Given data:
BEGIN
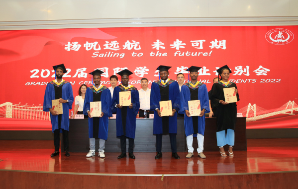 2022屆境內外國際畢業生代表、運輸工程學院碩士研究生秦桂及建筑工程學院碩士研究生賽米奧分別發言,衷心感謝母校、學院以及老師們的辛勤培育,表示將心懷感恩、繼續前行,為建設人類命運共同體貢獻力量。
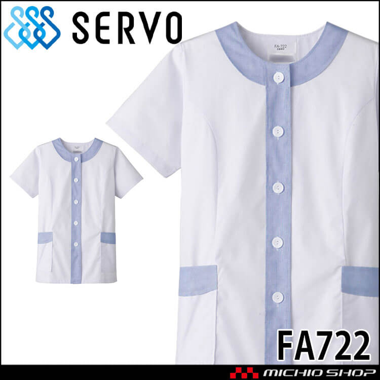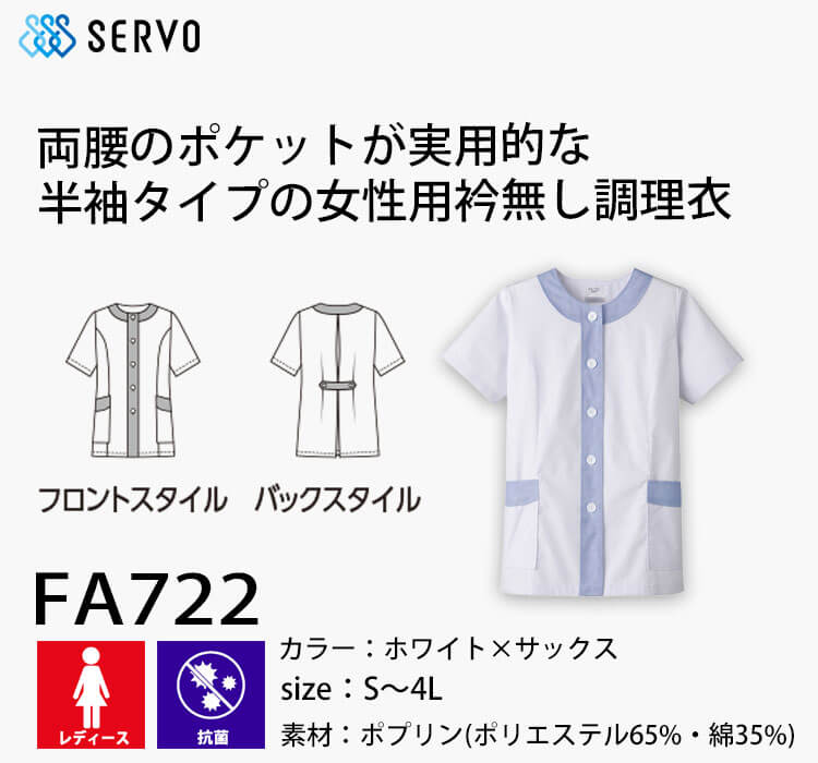 • 飲食サービス系ユニフォーム SERVO サーヴォ 女性用衿無し白衣(半袖) FA722 レディース 飲食店 レストラン カフェ キッチン 制服 ユニフォーム 白衣
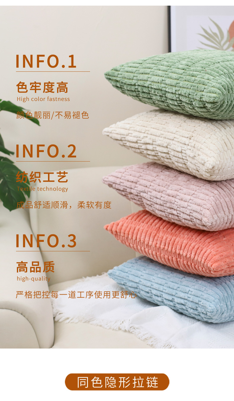 コーデュロイ枕北欧インシンプル小麦耳粒無地クッションカバークロスボーダーアマゾン人気ソファ枕
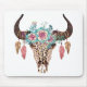 O crânio de touros fabuloso e impresso-leopardo adormecido com flores e penas cria uma bela design ocidental.
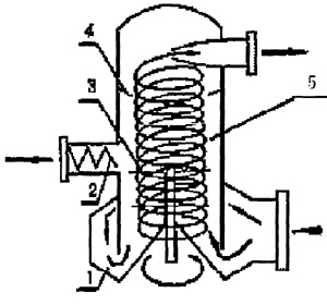 1、熱風(fēng)分配器 2、螺旋加料器 3、攪拌器 4、分級(jí)器 5、旋轉(zhuǎn)干燥室
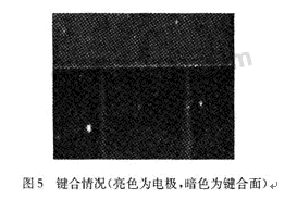 目前真空腔的形成多采用Si—Si鍵合或者陽(yáng)極鍵合。本方案采用陽(yáng)極鍵合,是因?yàn)殛?yáng)極鍵合比Si—Si鍵合的要求低。首先溫度只需要400~500℃,其次表面光潔度要求也相對(duì)較低。本工藝過(guò)程中存在金屬電極,不適于用高溫;鍵合面存在高約1400 nm,寬為20μm的電極引線,鍵合面的SiO2經(jīng)過(guò)一定程度的KOH各向異性腐蝕后粗糙度為100nm左右,經(jīng)過(guò)試驗(yàn)證明,鍵合情況良好(圖5),并具有良好的密封效果。
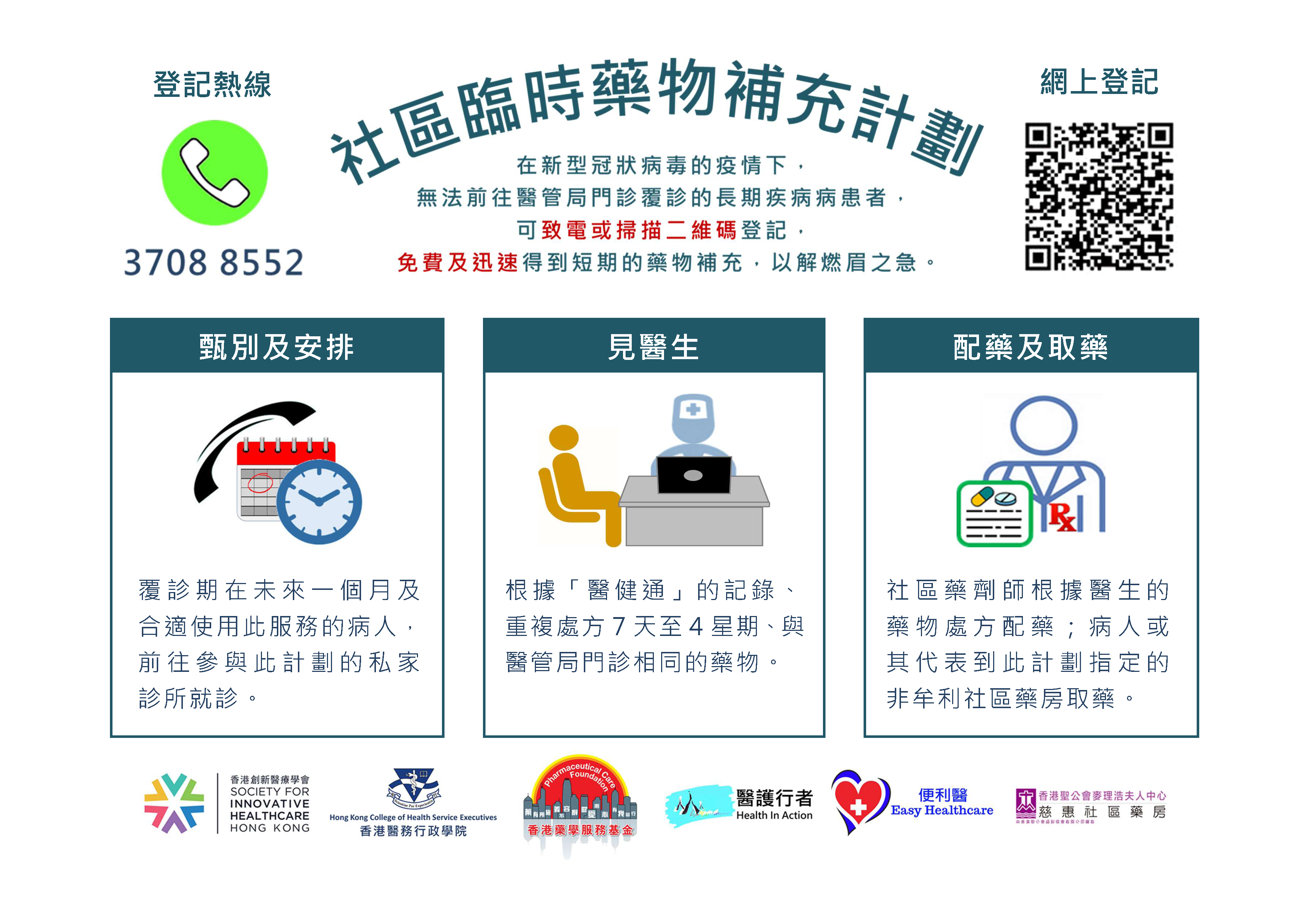 「社區臨時藥物補充計劃」是為在新型冠狀病毒的疫情下,無法前往醫管局門診覆診的長期病病患者而設,讓病人可以得到短期的藥物補充,以解燃眉之急。
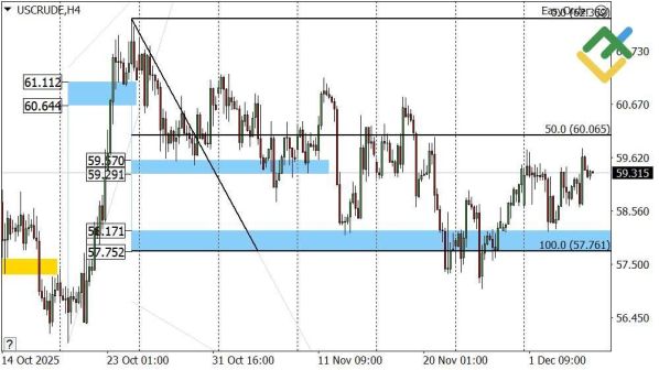 Однако следует учитывать риски. Если цена пробьёт вниз зону поддержки B (58.17–57.75), это может спровоцировать смену тренда на нисходящий. В таком сценарии ожидается продолжение коррекции до целевой зоны 53.97–53.13, где можно будет рассматривать длинные позиции.
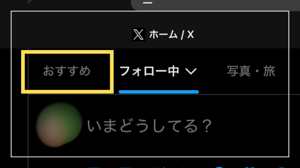 Xのホーム画面において最初が「おすすめポスト」から外すことができた
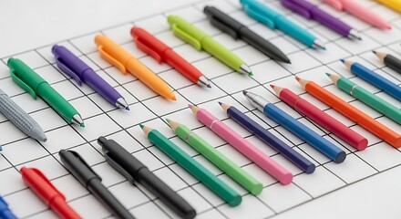 Colorful Pens and Pencils Arranged on Graph Paper Creative Tools for Writing and Drawing Projects
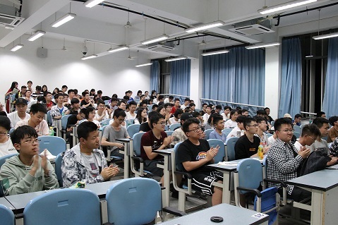 学科发展及科学研究方向,并对学生的学业发展和职业规划进行引导。肖院长分别从“时代呼唤”、“人生平台”、“选择道路”、“当下未来”、“志存高远”五个方面对大学生提出殷切期望,希望同学们认真学习,严于律己,努力成长为杰出人才。同学们认真聆听,受益良多,现场掌声不断。
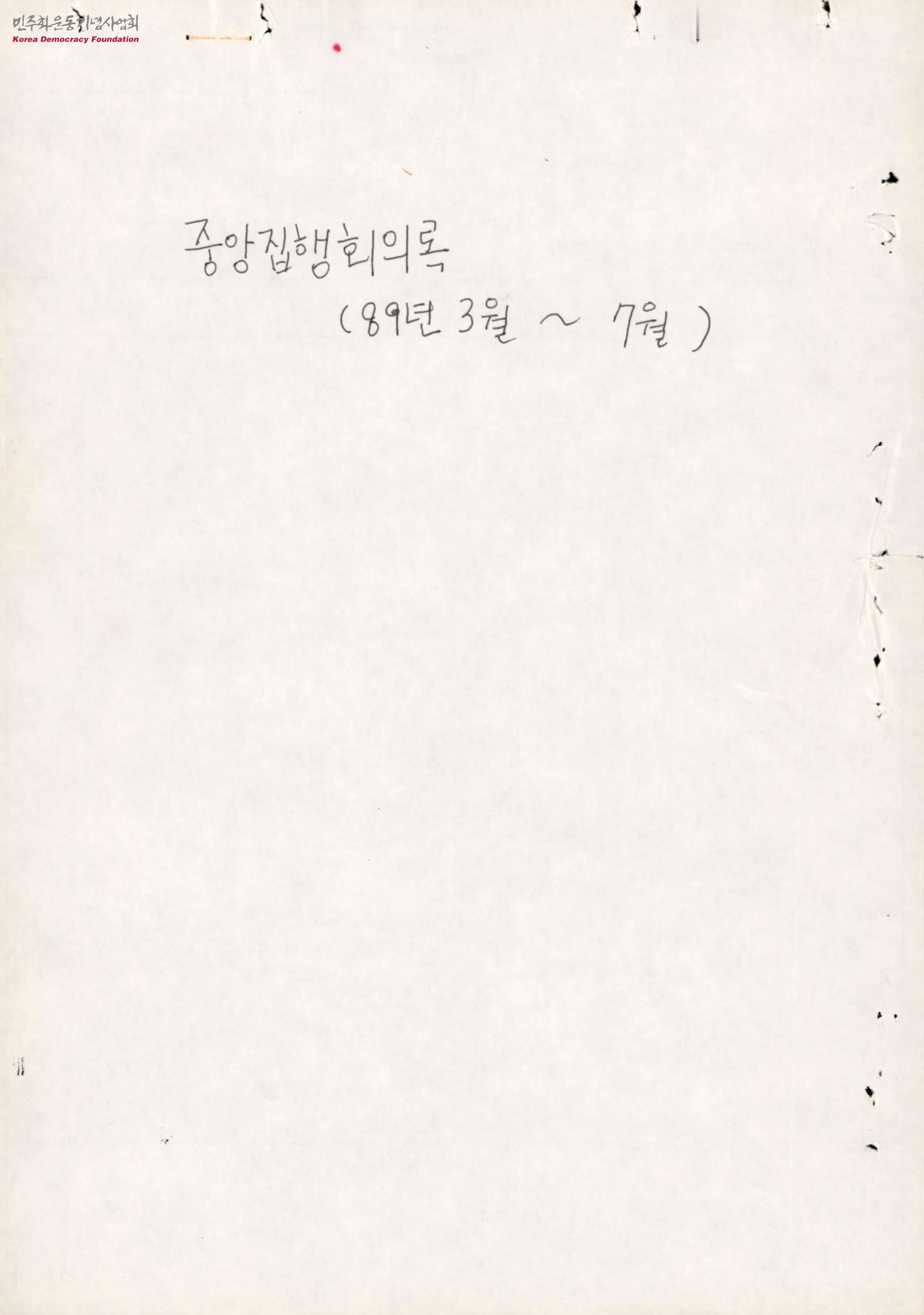 - 1989년 3월부터 7월까지 1차부터 8차까지 중집회의와 1차부터 2차 중앙위, 중접위 연석회의 등의 중앙집행회의록이며, 주요 내용으로는 민미협과 경기민미 공실위 예비회담 경과보고서와 평양축전 참가투쟁을 위한 미술사업에 관한 건과 관련 내용 등이 담겨 있음
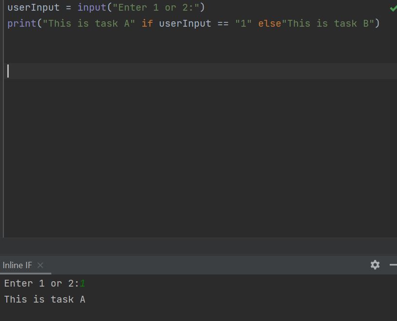 print(“This is task A” if userInput == “1” else “This is task B”)
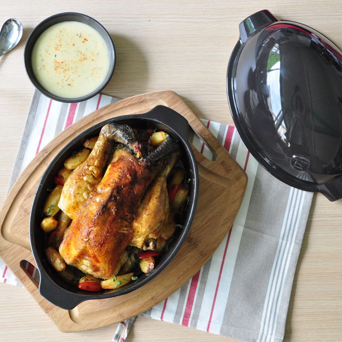Sa forme unique permet une diffusion excellente de la chaleur pendant la cuisson : la viande est tendre et moelleuse tandis que la peau est croustillante.
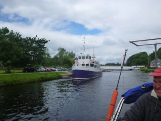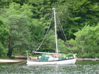 We met quite a lot of Old Gaffers transiting in the opposite direction to ourselves at intervals in the lochs and canalised sections (our headwind was conveniently easy downwind sailing for them). This year being the 50th anniversary of the Old Gaffers Association they were celebrating by sailing around Great Britain. It added interest to our days as we photographed and in some cases even got to meet the crew of these lovely old boats. Peggy for example was an extremely low freeboard, wide bellied wooden boat with a royal blue hull,a relatively tiny gaffer for this length of voyage. We met her one evening above Laggan Lock, her owner more than happy to retell her history. She had been a Morecombe Bay Prawner (hence her deck being only inches above the water to make it easier to haul in nets) prior to being converted into a cruising boat. Mostly Peggy nowadays confined her sailing to the rivers of Suffolk but her owners thought the challenge of the OGA anniversary Round Britain cruise too good an opportunity to miss so here she was and though “she took a bit of water over the side” when they met a gale in the Bristol Channel on the passage to Milford Haven they were mostly enjoying sailing to new places.
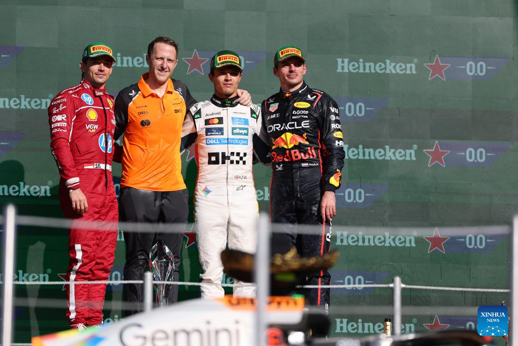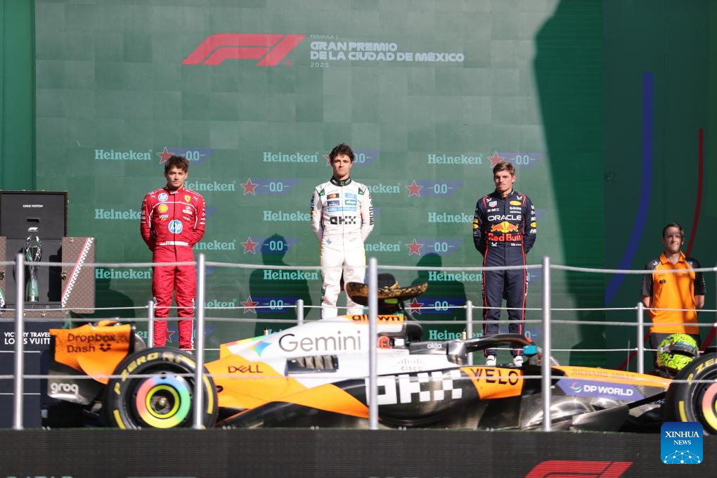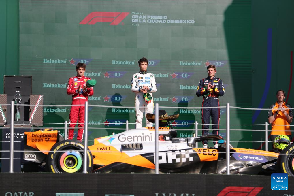 First-placed McLaren's British driver Lando Norris (C), second-placed Ferrari's Monegasque driver Charles Leclerc (L) and third-placed Red Bull's Dutch driver Max Verstappen attend the awarding ceremony for the Formula One Mexico Grand Prix at the Hermanos Rodriguez Circuit in Mexico City, Mexico, Oct. 26, 2025. (Xinhua/Li Mengxin)
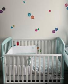 Lettino e fasciatoio con vaschetta interna per bagnetto. Colore: bianco e salvia. Marca: cuoricini. Misure letto: 132x69x110. Misure fasciatoio-bagnetto: 76x48x90
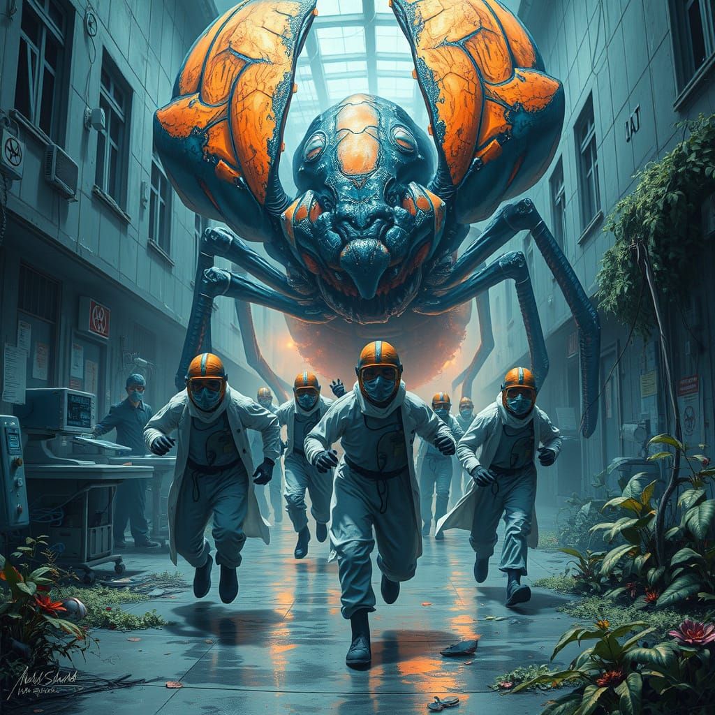 A group of doctors in hazmat suits are fleeing from a giant insect-like creature in a quarantined hospital. The image is a high-contrast matte painting with intricate textures in deep blues and oranges.
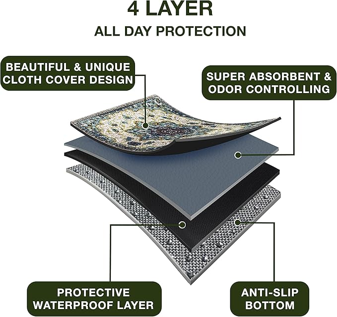 • Maintains Absorption After 500+ Washes - Ultra-absorbent and leak-proof washable dog pee pads. Our multi-layered reusable puppy pads feature a waterproof TPU coating that effectively absorbs and retains liquid, preventing leaks and odors. Designed to withstand repeated washing & urine soaking, these durable whelping pads are perfect for housebreaking, incontinence, or post-surgery care. The non-slip backing keeps the pad securely in place, making it ideal for use on hardwood floors or in crates.
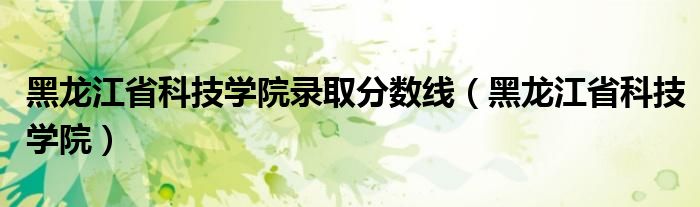 黑龙江省科技学院录取分数线,黑龙江省科技学院这个很多人还不知道,小飞来为大家解答以上的问题。现在让我们一起来看看吧!
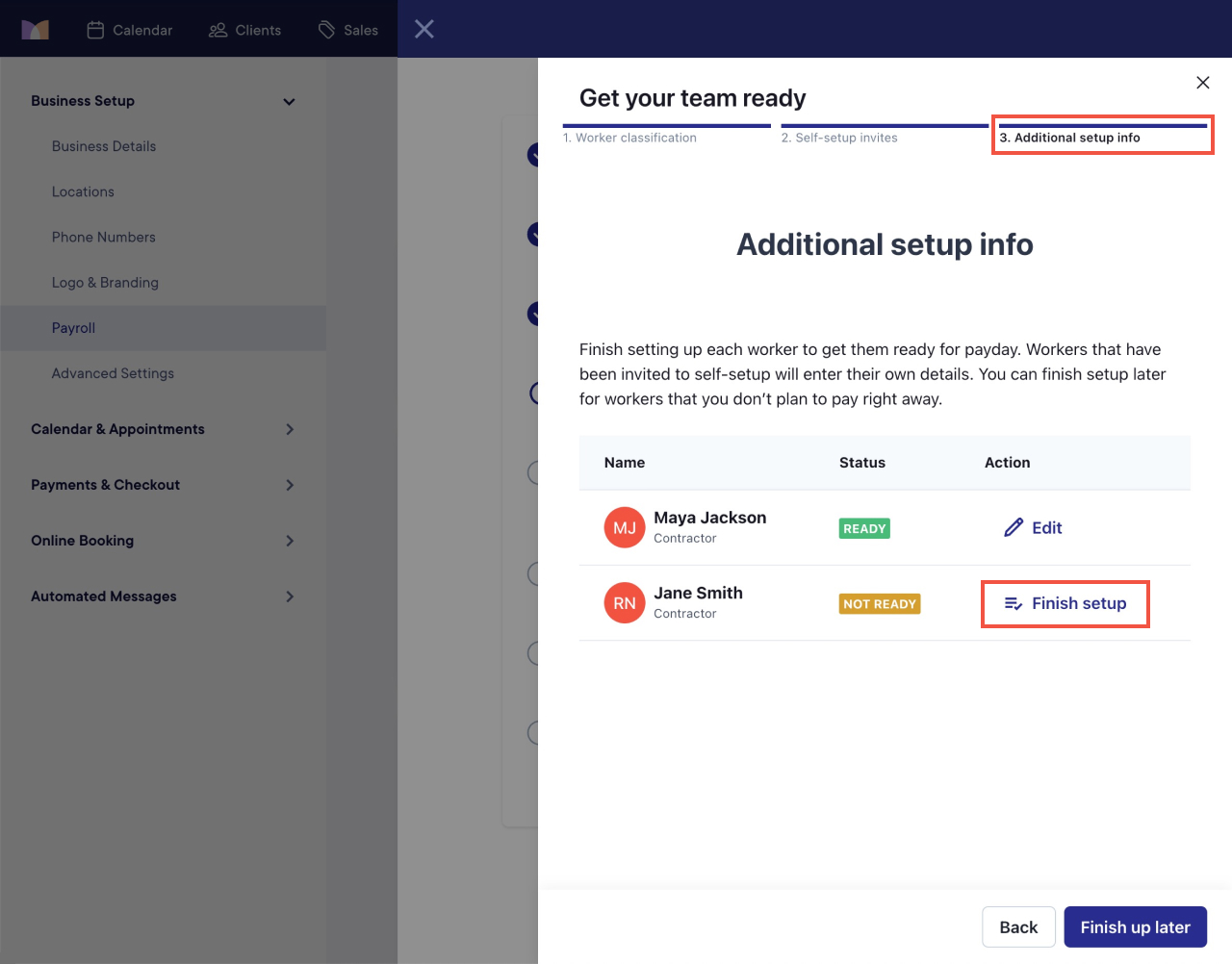 In the Get your team ready section, set up your workers for payroll. If you need help determining a worker’s classification, please consult an accountant.
END
What you have to do: What are the lines above from the one with "学科发展及科学研究方向,并对" to the one with "Sa forme unique", both included? Reproduce them exactly, without pictures.

Result of this exercise:
 学科发展及科学研究方向,并对学生的学业发展和职业规划进行引导。肖院长分别从“时代呼唤”、“人生平台”、“选择道路”、“当下未来”、“志存高远”五个方面对大学生提出殷切期望,希望同学们认真学习,严于律己,努力成长为杰出人才。同学们认真聆听,受益良多,现场掌声不断。
 - 1989년 3월부터 7월까지 1차부터 8차까지 중집회의와 1차부터 2차 중앙위, 중접위 연석회의 등의 중앙집행회의록이며, 주요 내용으로는 민미협과 경기민미 공실위 예비회담 경과보고서와 평양축전 참가투쟁을 위한 미술사업에 관한 건과 관련 내용 등이 담겨 있음
 print(“This is task A” if userInput == “1” else “This is task B”)
Sa forme unique permet une diffusion excellente de la chaleur pendant la cuisson : la viande est tendre et moelleuse tandis que la peau est croustillante.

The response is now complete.